ITCMD: O Preço da Herança Varia Segundo o Mapa

Descubra por que achar que o ITCMD é um teto fixo de 4% é um erro perigoso que pode levar a multas pesadas em estados como São Paulo e Santa Catarina.

Juliana Mendes
Juliana MendesEditora de Finanças Pessoais e Criptoativos6 min de leitura
Imagem editorial ilustrando ITCMD: O Preço da Herança Varia Segundo o Mapa

Se você herdou um apartamento ou recebeu uma doação em dinheiro em 2026, provavelmente já ouviu a frase de efeito: "ah, é só 4%, é baratinho". Essa simplificação é perigosa e, muitas vezes, mentirosa. O Brasil opera com uma federalismo tributário que torna o Imposto sobre Transmissão Causa Mortis e Doação (ITCMD) um quebra-cabeça com peças que mudam de valor dependendo de onde você pisar.
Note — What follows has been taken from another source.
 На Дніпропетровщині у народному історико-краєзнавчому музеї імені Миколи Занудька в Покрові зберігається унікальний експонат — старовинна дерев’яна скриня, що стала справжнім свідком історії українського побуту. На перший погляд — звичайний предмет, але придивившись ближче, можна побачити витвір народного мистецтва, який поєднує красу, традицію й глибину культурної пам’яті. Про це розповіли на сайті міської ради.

Achar que a regra é uniforme é o primeiro passo para tomar uma multa que pode corroer uma parte significativa da herança.

A Constituição Federal permite que os estados cobrem até 8%, mas a realidade do mapa tributário atual vai muito além de apenas pegar uma calculadora e aplicar esse percentual. Existe um abismo entre um estado que cobra 4% e quase não fiscaliza, e aquele que aplica alíquotas progressivas e cruza dados bancários com a eficiência de um software forense. Vamos derrubar as crenças mais comuns que vejo circulando nos grupos de investidores e nas mesas de escritório.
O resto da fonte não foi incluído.